1. Tugas Marka III: Opini
Vickynisasai: Fenomena Bahasa yang Kerap Diulang
Bahasa sepertinya sedang mendapat sorotan saat ini, tepatnya pasca mencuatnya
kasus Vicky dan Zaskia Gotik beserta wawancaranya yang begitu super dengan kata-kata
ajaib dan tata bahasa gado-gado. Kata-kata dan frasa-frasa itu seperti ‘kontroversi hati’, ‘labil
ekonomi’, hingga ‘konspirasi kemakmuran’, dan sebagainya. Kelakuannya itulah yang
membuat Vicky sukses menjadi bahan candaan dan olok-olokan di dunia maya.
Mungkin bagi orang awam yang mendengar ucapan Vicky akan beranggapan bahwa
ia adalah orang yang hebat dan intelek karena berbicara menggunakan bahasa yang kelihatan
‘tinggi’. Namun sebenarnya kata-kata dan frasa-frasa hasil ciptaan Vicky tak pernah ada
dalam daftar kosakata Kamus Besar Bahasa Indonesia, alias hanya bualan belaka. Bisa jadi ia
lakukan hal itu hanyalah semata-mata untuk menaikkan pamornya saja, tanpa memikirkan
akibat yang akan diterima.
Sebenarnya apa yang dilakukan Vicky bukanlah kali pertama terjadi di Indonesia.
Fenomena itu pada kenyataannya kerap kali terjadi berulang-ulang. Hanya saja kita tidak
menyadari karena sudah terlalu terbiasa. Dari rakyat biasa, hingga publik figur, bahkan tak
segan-segan para pejabat yang notabene berpendidikan tinggi pun tak jarang melakukannya:
berbahasa sok intelek tetapi tidak tahu apakah yang diucapkan itu tepat atau tidak dalam arti
dan penggunaanya.
Memang benar bahwa bahasa bersifat dinamis, tetapi dalam penggunaannya masih
harus berpegang pada aturannya yang telah disempurnakan. Dalam hal ini, EyD-lah yang
menjadi patokan. Kita tidak boleh seenaknya mengubah pola penggunaan atau pola rumusan
penulisan dan pengucapan suatu bahasa. Apalagi sampai menciptakan kata-kata ataupun
frasa-frasa baru yang tak pernah dikenal sebelumnya.

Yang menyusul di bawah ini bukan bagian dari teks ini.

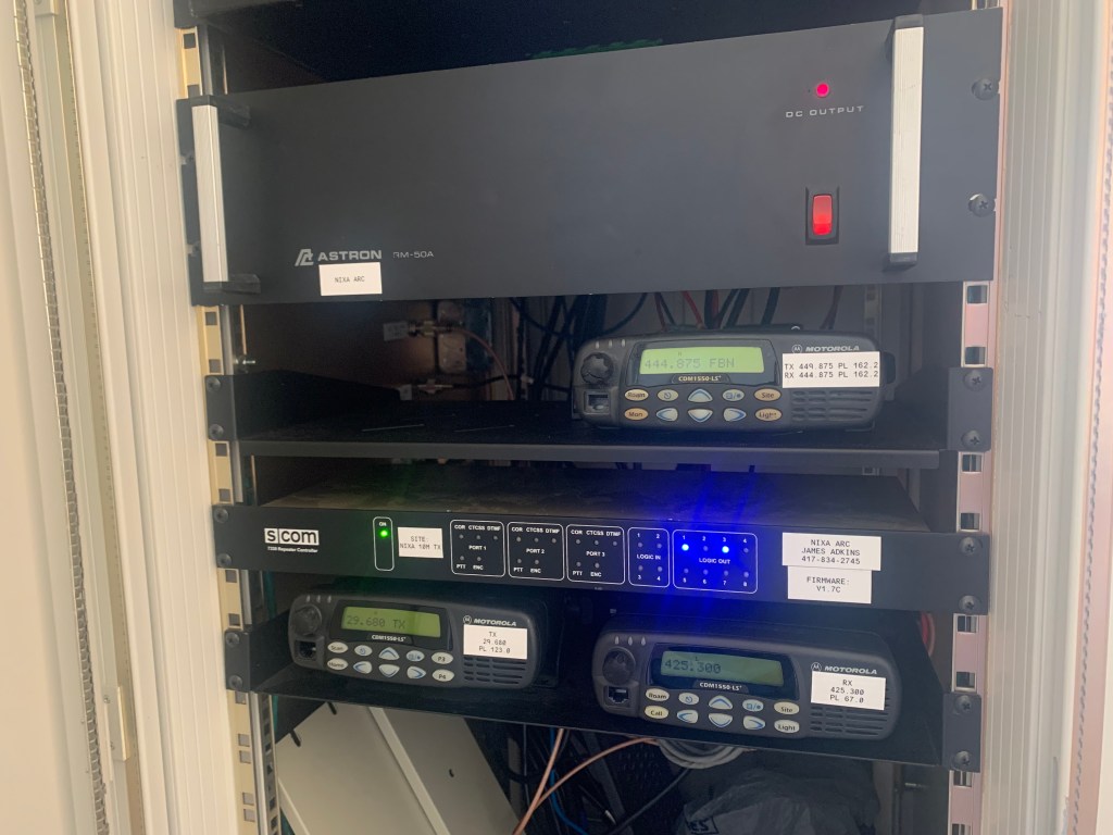 The Kenwood TKR-850 444.875 repeater serves as the “hub” repeater for the Forgotten Bands Network of the Ozarks. It is co-located with the 1285.050 atop Cox South Hospital near US 60 & National Avenue.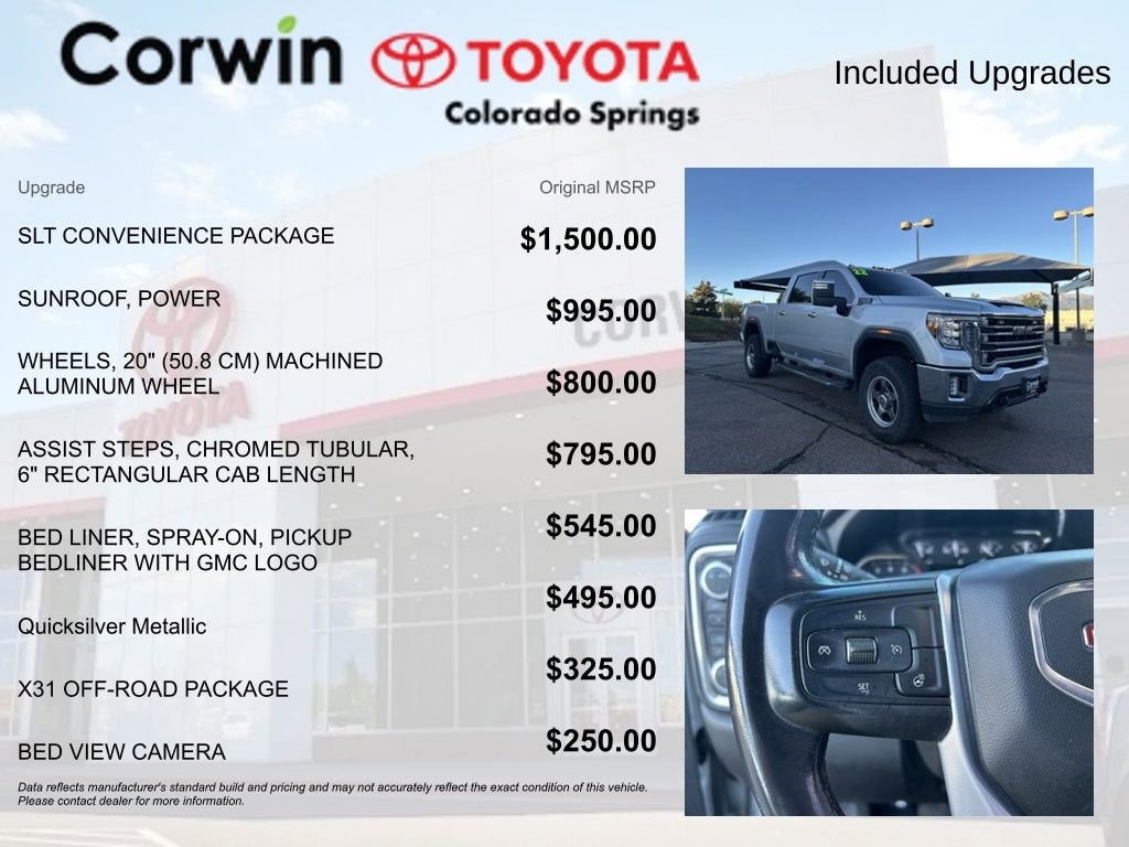 This GMC Sierra 2500HD is well equipped and includes the following features and benefits, 4WD, Backup Camera, Keyless Access with Push Button Start, Steering Wheel Mounted Controls, 12-Volt Rear Auxiliary Power Outlet, 120-Volt Bed Mounted Power Outlet, 120-Volt Instrument Panel Power Outlet, 2 USB Ports, 2 USB Ports (1st Row), 2-Speed Active Transfer Case, 2nd Row Dual USB Charge-Only Ports, 4.2" Diagonal Color Display Driver Info Center, Chrome Surround Grille w/High Gloss Black Mesh, Compass Located In Instrument Cluster, Deep-Tinted Glass, Electric Rear-Window Defogger, Electrical Lock Control Steering Column, Floor-Mounted Center Console, Front Bucket Seats, Heated & Ventilated Front Bucket Seats, Heated 2nd Row Outboard Seats, Hill Descent Control, Integrated Trailer Brake Controller, Keyless Open & Start, LED Cargo Area Lighting, LED Smoked Amber Roof Marker Lamps, Manual Tilt-Wheel/Telescoping Steering Column, Off-Road Suspension, OnStar & GMC Connected Services Capable, Power Door Locks, Power Front Passenger Windows w/Express Up/Down, Power Rear Windows w/Express Down, Power Sliding Rear Window w/Defogger, Power Windows w/Driver Express Up/Down, Preferred Equipment Group 4SA, Rear Wheelhouse Liners, Remote Vehicle Starter System, SLT Convenience Package, Steering Wheel Audio Controls, Suspension Package, Unauthorized Entry Theft-Deterrent System, Universal Home Remote, Wireless Phone Projection, X31 Off-Road Package.
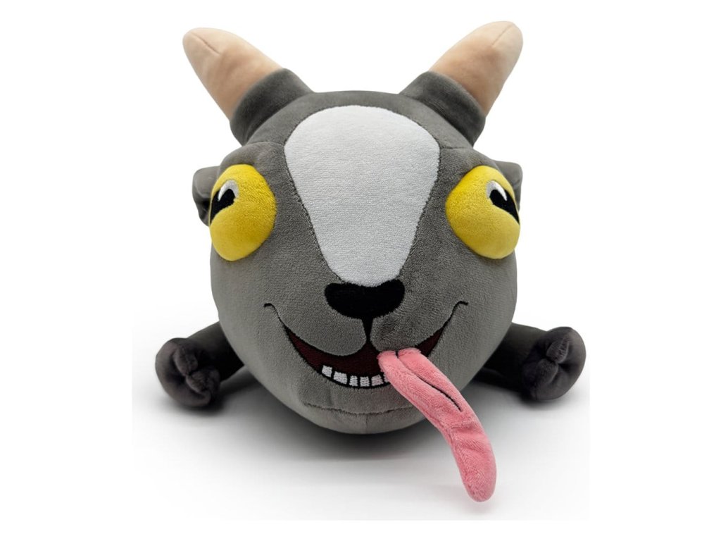 Podívejte se, kdo právě padal do Youtooz z exploze, kterou rozhodně, na 100%, nezpůsobil! Leží 16 palců dlouhé a váží přibližně 2 libry/1kg, dlouhý růžový jazyk visí z jejích otevřených úsměvných úst, zatímco na její obličej vede bledá značka od malého černého nosu mezi dvěma žlutými očima s vodorovnými zorničkami. S špičatými béžovými rohy, které vystupují z vrchu hlavy, leží kozí nožky pod její bradou a rozprostírají se na zadek pod krátkým dvoubarevným ocasem. Tato plyšová hračka je našitá do švů s 100% PP bavlnou a je vyrobena z nejměkčího minky materiálu, naprosto perfektní k objetí nebo k vystřelení z děla! O Goat Simulatoru: Goat Simulator je, no, simulátor koz! Vyvinut a vydán studiem Coffee Stain, první ze dvou her (a několika portů) byl vydán v roce 2014, umožňuje hráčům naplnit svůj celoživotní sen stát se kozou a dělat vše pro to, aby způsobili co nejvíce škod!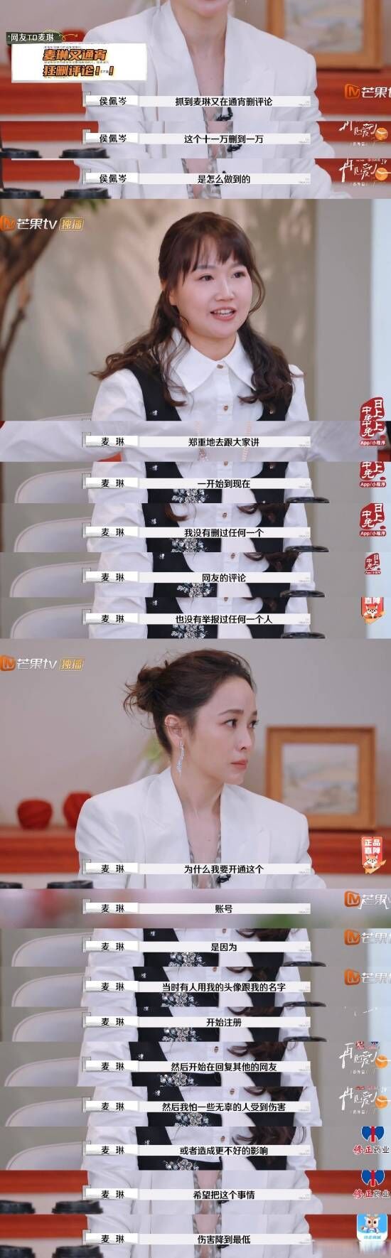 在1月16日的《再见爱人》回门宴上,麦琳表示自己是担心有人会被骗,这才开了账号,而且她都没有删除那些骂她的评论:“我没有举报过任何一个骂我的人,也没有删除任何一条评论。”
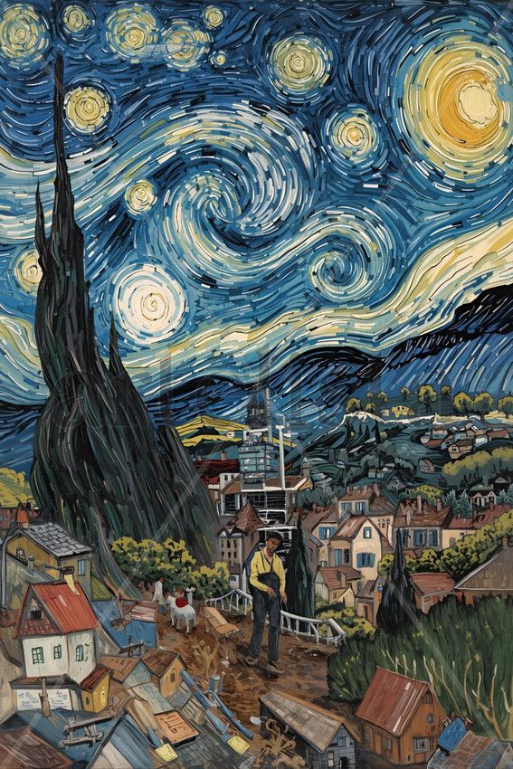 Noche Urbana en Espiral es una obra digital original de 7087 × 10630 píxeles, creada en un estilo vibrante donde el cielo nocturno cobra vida sobre una ciudad llena de detalles. Este trabajo pertenece a mi colección de cuadros de arte digital, y está diseñado para que el espectador sienta que puede entrar dentro de la obra, explorando cada remolino, cada luz y cada textura.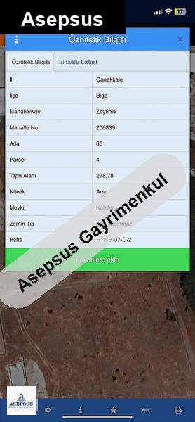 Asepsus Emlak'tan 3+1 karabiga bld. 'sinde satılık arsa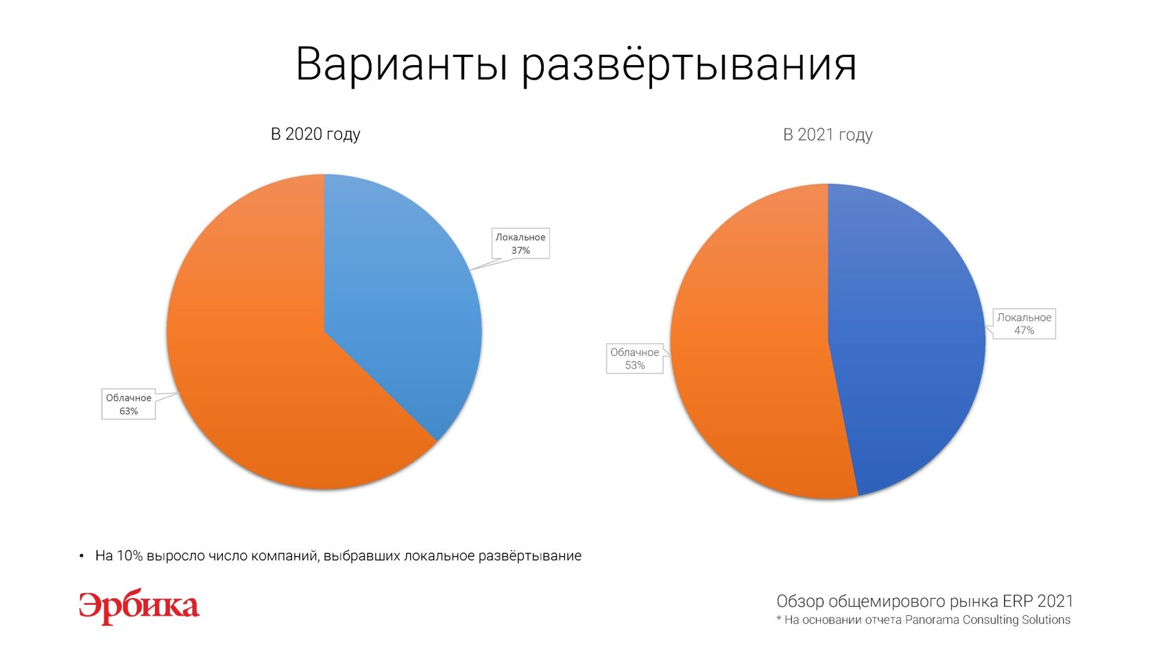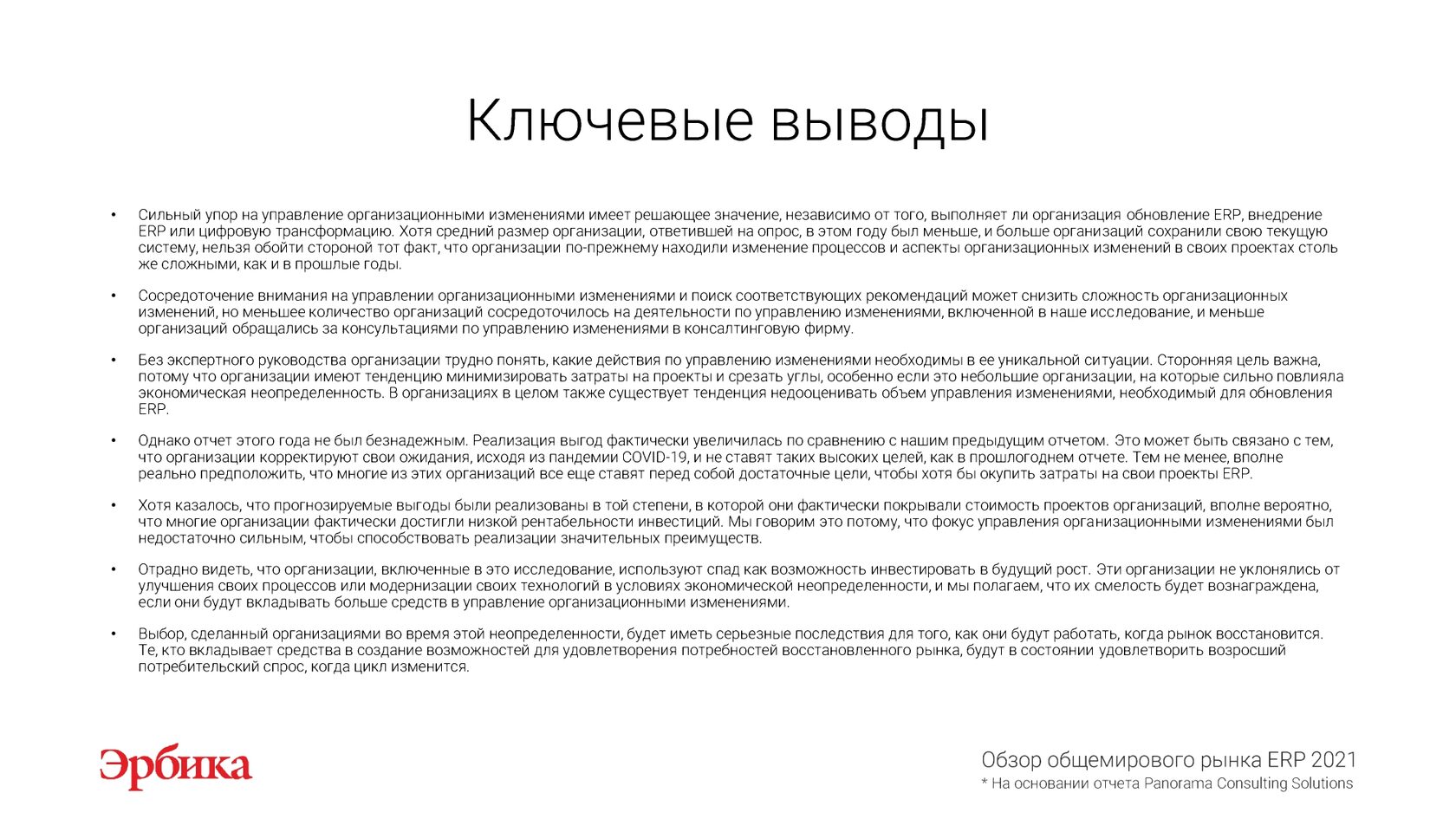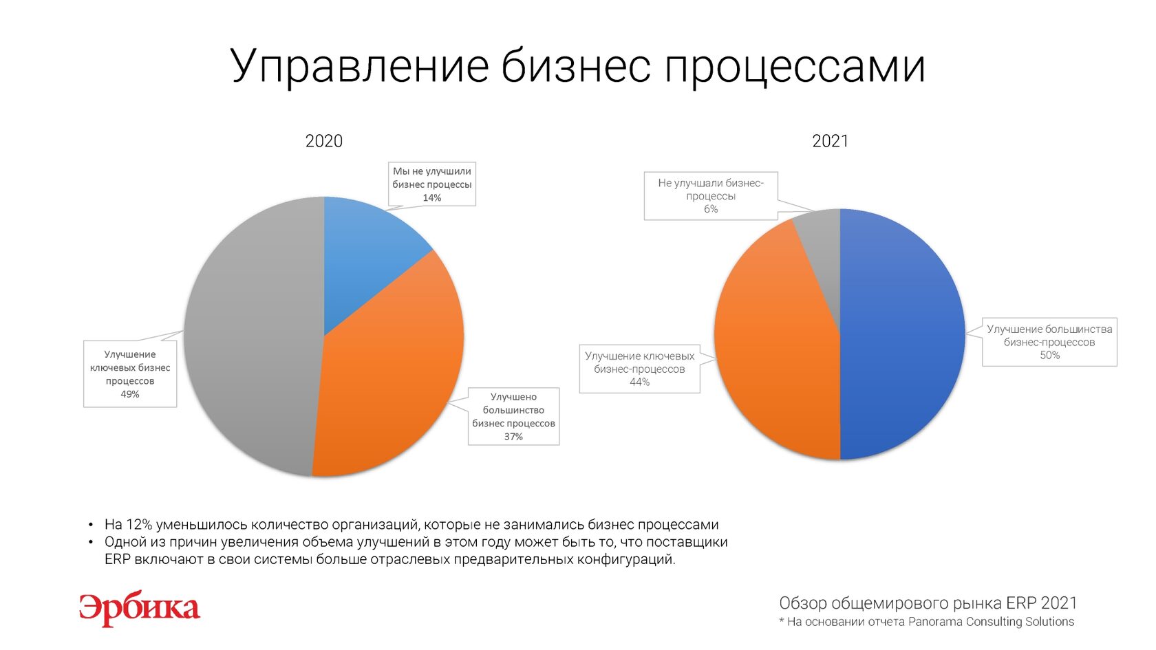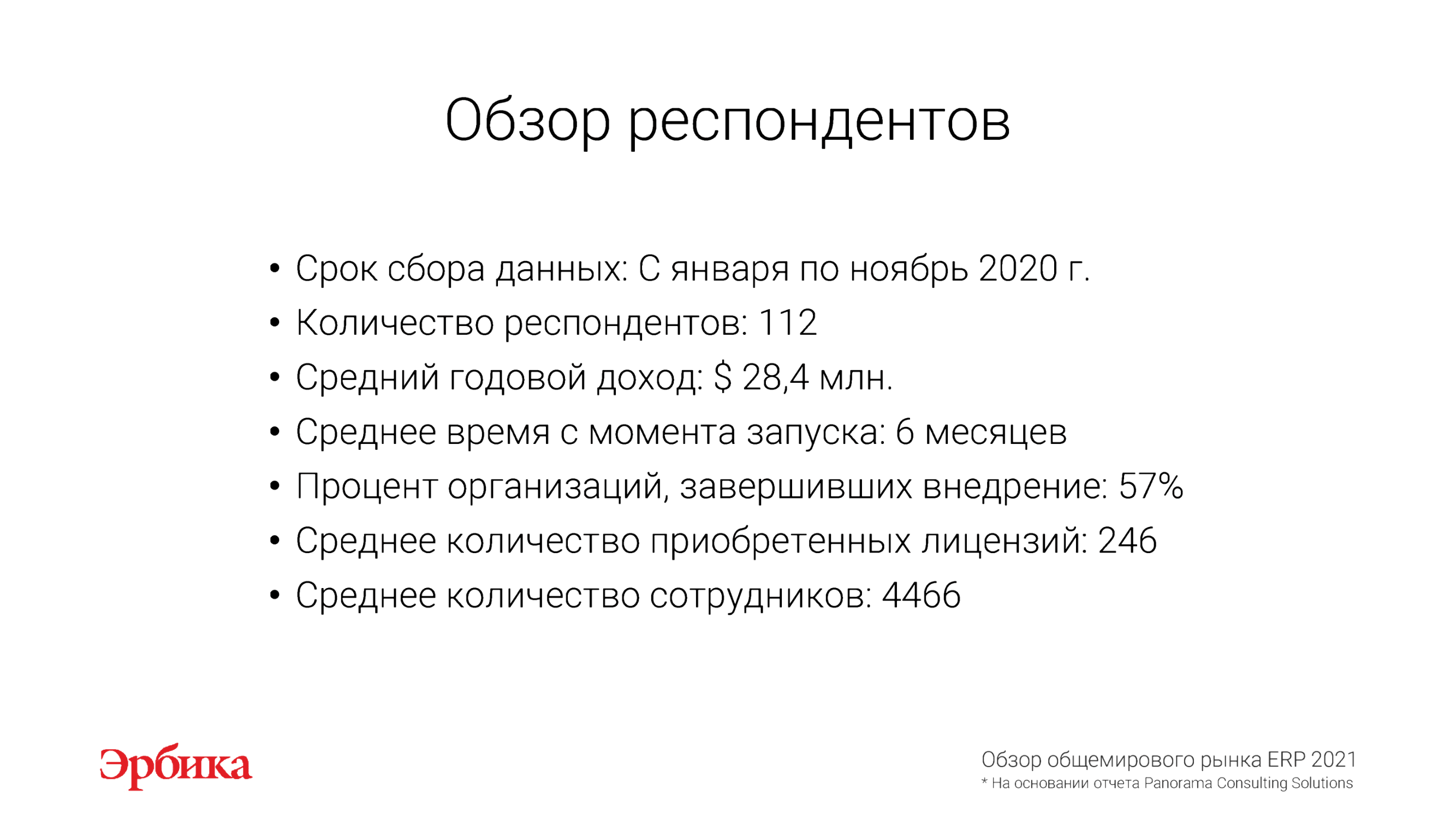 На основании отчета "Обзор рынка ERP 2021" международной исследовательской компании Panorama Consulting Solutions

Fenomena Vickynisasi ini adakalanya tidak hanya dijadikan sebagai olok-olok dan
lelucon belaka. Introspeksi diri lah yang lebih penting dilakukan mengingta fenomena seperti
ini sudah kerap kali dilakukan. Tepat di bulan Oktober yang dikenal sebagai bulan bahasa ini,
semoga tak hanya para pengamat bahasa saja yang wajib meluruskan kesalahan yang telah
lama terjadi, tetapi seluruh lapisan masyarakat juga wajib turut serta membenahi kecacatan
pengucapan dan penggunaan bahasa dengan lebih hati-hati dan tepat dalam berbahasa.